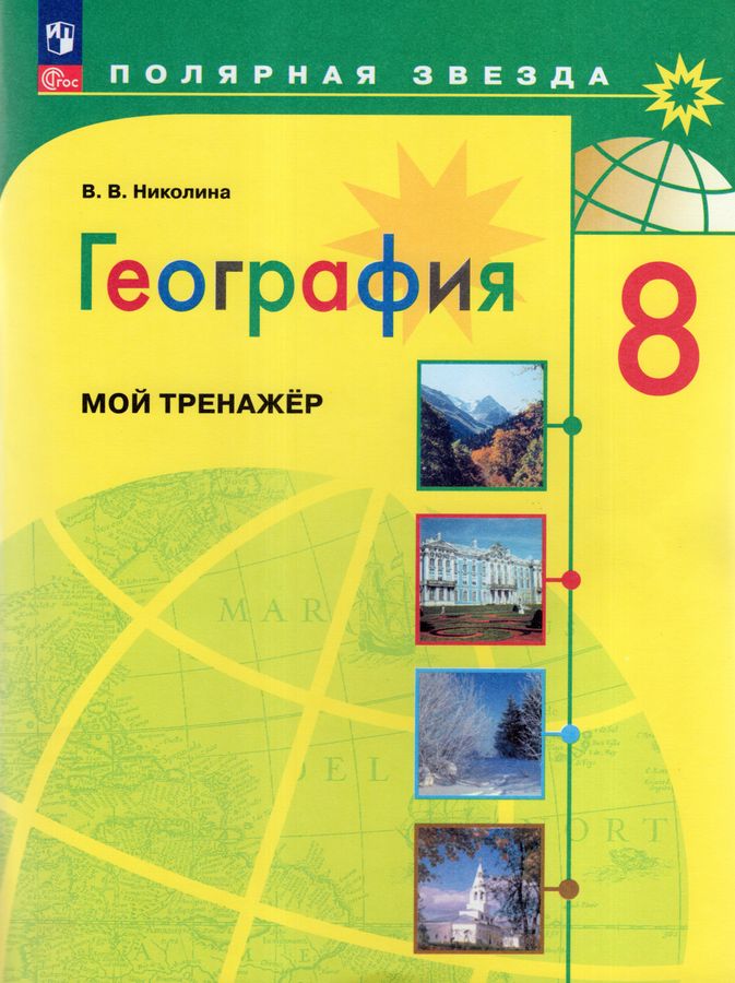 Учебное пособие Мой тренажёр География 8 класс Просвещение 2024 год Автор Николина В.В. Данное пособие является составной частью учебно-методического комплекта по курсу «География. 8 класс» серии «Полярная звезда» и предназначено для практических и самостоятельных работ обучающихся. Задания, содержащиеся в тренажёре, сгруппированы в рубрики и предусматривают работу с текстом учебника, контурными картами, картами атласа и учебника, диаграммами и др. Задания охватывают все темы курса и нацелены на более глубокое и прочное усвоение знаний. Границы государств и административно-территориальное деление Российской Федерации на картах даны на октябрь 2022 г.
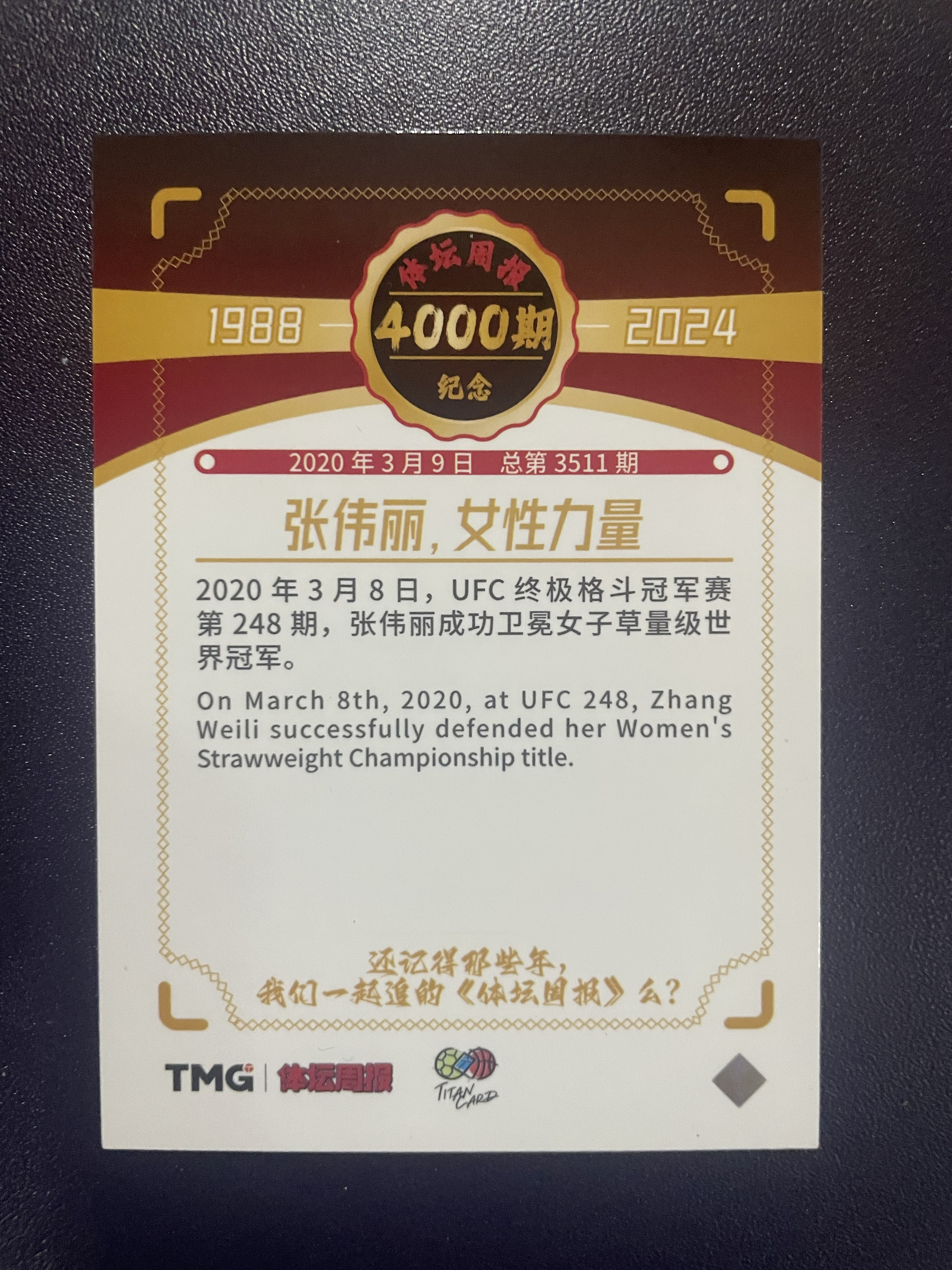 2024-25 TMG 体坛周报 Zhang Weili 张伟丽 女性力量 成功卫冕女子草量级世界冠军 细节如图不保卡品 玖玖
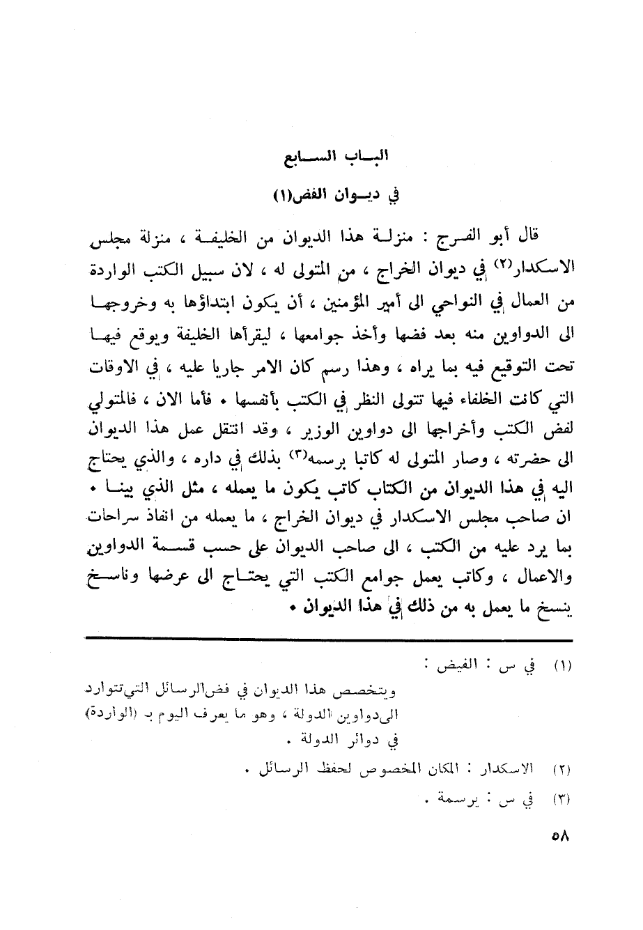 قال أبو الفرج: منزلة هذا الديوان من الخليفة، منزلة مجلس الاسكدار «2» في ديوان الخراج، من المتولى له، لان سبيل الكتب الواردة من العمال في النواحي الى أمير المؤمنين، أن يكون ابتداؤها به وخروجها الى الدواوين منه بعد فضها وأخذ جوامعها، ليقرأها الخليفة ويوقع فيها تحت التوقيع فيه بما يراه، وهذا رسم كان الامر جاريا عليه، في الاوقات التي كانت الخلفاء فيها تتولى النظر في الكتب بأنفسها. فأما الان، فالمتولي لفض الكتب وأخراجها الى دواوين الوزير، وقد انتقل عمل هذا الديوان الى حضرته، وصار المتولى له كاتبا برسمه «3» بذلك في داره، والذي يحتاج اليه في هذا الديوان من الكتاب كاتب يكون ما يعمله، مثل الذي بينا.
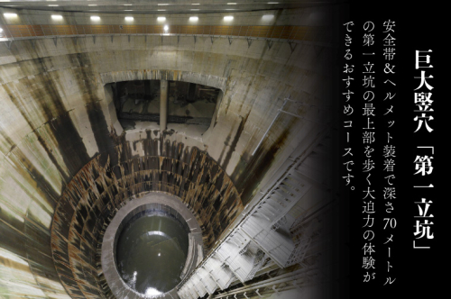 これまでの公開されている見学のメインである防災地下神殿や第1立坑に、新たに第3立坑(地下トンネル)を見学箇所に追加した「アドベンチャー体験コース」にあなたをご招待。
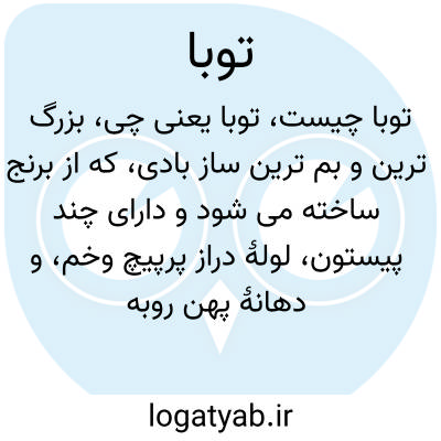 از اعضای خانوادۀ سازهای برنجی لبی ـ زبانه ای دریچه دار با قطر لولۀ مخروطی شکل. آوایی عمیق و ملایم دارد که در حدود ۱۸۳۰ به مثابۀ یکی از اعضای باس قسمت سازهای برنجی ارکستر و ارکستر برنجی ارائه شد. توبا نسبت به زیرایی (زیروبم) و اندازه بزرگ خود به طرز حیرت انگیزی سریع الانتقال و ظریف است، و قابلیت های آن را برلیوز، راول، و وون ویلیامز نشان داده اند.
※
Task goal
Leave the pictures aside. Set down exactly the lines from the one with "これまでの公開されている見学" through the final line of the listing above.

Answer area
 これまでの公開されている見学のメインである防災地下神殿や第1立坑に、新たに第3立坑(地下トンネル)を見学箇所に追加した「アドベンチャー体験コース」にあなたをご招待。
 از اعضای خانوادۀ سازهای برنجی لبی ـ زبانه ای دریچه دار با قطر لولۀ مخروطی شکل. آوایی عمیق و ملایم دارد که در حدود ۱۸۳۰ به مثابۀ یکی از اعضای باس قسمت سازهای برنجی ارکستر و ارکستر برنجی ارائه شد. توبا نسبت به زیرایی (زیروبم) و اندازه بزرگ خود به طرز حیرت انگیزی سریع الانتقال و ظریف است، و قابلیت های آن را برلیوز، راول، و وون ویلیامز نشان داده اند.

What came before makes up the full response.